Okay, the code above works to calculate what I want! It's just not the most elegant. The for loop has to have about a million different statements. Maybe I will try to clean it up in the future. But for now I'll stick with it.

Without calculating per 100,000 people (yet), its pretty clear to see men are victims of gun violence drastically more frequently than women, regardless of race.

# Suicide by Gun in Men and Women

You often here talk about men committing suicide far more frequently than women. We can't completely answer this question with these data, because it is only gun violence, but we can answer this question in the context of guns.

Do men commit more suicide by gun than women?

In [14]:
# For this we can access the list we already created up above: Intents.
# But we need a list populated with genders
sexes = []
for row in gun_data:
    sexes.append(row[5])
    
# Print a couple rows just to verify we have sexes
print(sexes[:10])
    
suicide_sex_counts = {}
for idx, sex in enumerate(sexes):
    if intents[idx] == 'Suicide' and sex not in suicide_sex_counts:
        suicide_sex_counts[sex] = 0
    if intents[idx] == 'Suicide' and sex in suicide_sex_counts:
        suicide_sex_counts[sex] += 1

# Just printing again to make sure that it worked
print(suicide_sex_counts)


['M', 'F', 'M', 'M', 'M', 'M', 'M', 'M', 'M', 'M']
{'M': 54486, 'F': 8689}


Okay, so it seems there are far more men who commit suicide by gun, total. But again. I see no need here to do any sort of weighting by population. Given the most basic of probabilities, the United states should the 50/50 men and women.

So these data show that men commit suicide by gun approximately 6.3 times more often than women.

# Gun Deaths by Education Level

Within this data set, there is a variable that notes the education level of the victim. This variable has five levels:

1 - Less than high school
2 - Graduated from high school or equivalent
3 - Some college
4 - At least graduated from college
5 - Not Available

Here, I want to remove people who we don't have education data for, because it just muddies the waters. Lets remove them and just look at counts again - gun deaths by education level.

In [33]:
# Make a quick list of educations, getting rid of the NAs and the 5s
education = []

for row in gun_data:
    if row[10] != '5' and row[10] != 'NA':
        education.append(row[10])

# Make our empty dictionary in which we'll store this information
educ_counts = {}

# Populate the dictionary!
for level in education:
    if level not in educ_counts:
        educ_counts[level] = 1
    else:
        educ_counts[level] += 1
        
print(educ_counts)

{'1': 21823, '3': 21680, '2': 42927, '4': 12946}


As I suspected, as eduction goes up, the number of deaths by gun goes down (kind of). Really, it just seems like less gun deaths for college grads. Interestingly, it seems like the most death by gun was in the 'high school grad' category.

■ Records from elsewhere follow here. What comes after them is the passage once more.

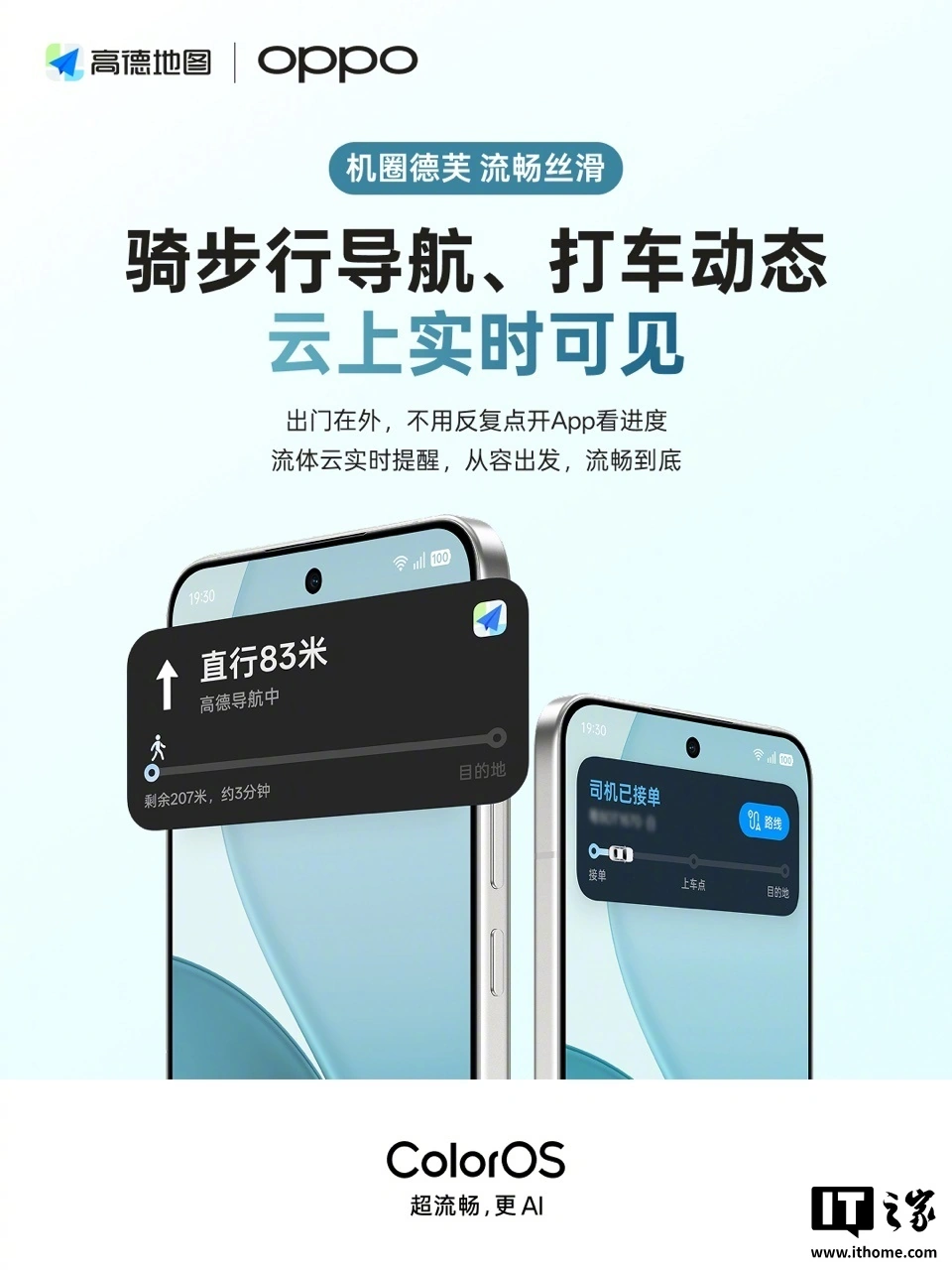 IT之家 6 月 26 日消息,高德地图今日发布微博,宣布其 App 上线 OPPO ColorOS 系统的“流体云通知”,可在不打开 App 的情况下了解导航、打车动态。
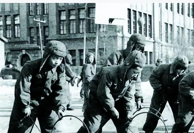 图中的这些孩子拎着铁环在马路牙子上跑,棉袄棉裤盖得严严实实,帽子歪着,铁环打在地上咣啷咣啷响,冬天路面带着点薄雪,一个个兴高采烈,推着玩意追着跑,铁环是瘦竹竿做的把手,打几圈能溜出一身汗,教室里听到声音都忍不住往外望,家里大人路过见了也不拦你,只摸摸头说小心别摔,那种简单的热闹,现在的孩子见到还得问一句怎么玩。
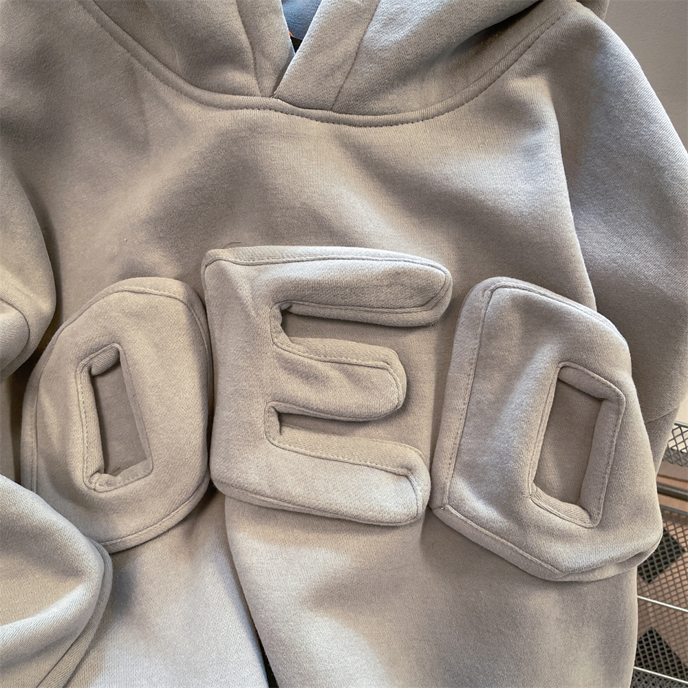 美式復古高街oversize立體字母連帽運動衫女小個子chic港風落肩外套
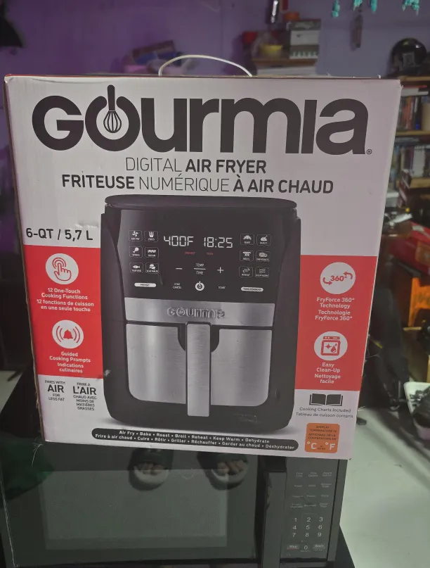 Selling a Gourmia Digital Air Fryer in excellent condition! This 6-QT air fryer makes cooking easy with its 12 one-touch cooking functions. It features FryForce 360° technology for even cooking and easy clean-up. Cooking charts are also included!
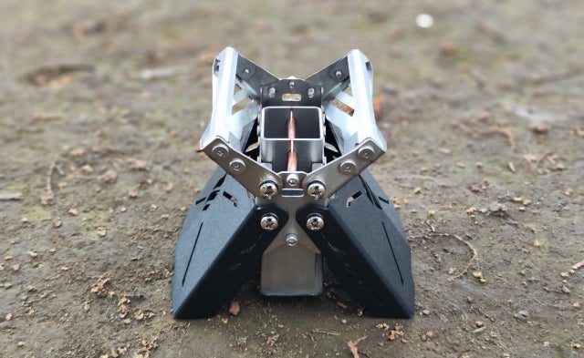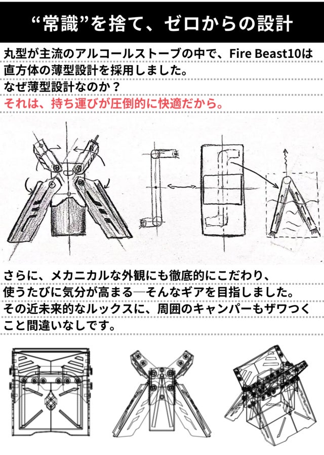 アルコールストーブ「Fire Beast10」は従来の丸形ではなく、直方体の薄型デザインを採用。

I suspect this is because the proportion of the population that hasn't graduated high school is a lot lower than the proportion of the population that has. So I suspect if you had data to make a set of anchors here (e.g., to calc deaths per 100,000), we would see a linear(ish) decrease. 

As such, these numbers are generally kind of impossible to interpret because I don't know anyhing about the population (e.g., likely that college grads are a small population, just like people who haven't graduated high school).

# Summary!

That's all for now! 

I've analyzed the demographic data in a handful of different ways. We've seen that African American's are the most likely to be killed by gun, both generally and via homicide. We've also seen that men commit suicide by gun approximately 6 times more often than women do. Lastly, we also gleaned a little bit of info about gun death by education level but it's hard to make any sense of those data without general population rates. 

Maybe I will revisit this data set once I get a little bit more comfortable with data visualizations. Then I can do something a little bit more exciting with this notebook. Right now, the insights are interesting but there is no useful and engaging visualizations. Stay tuned!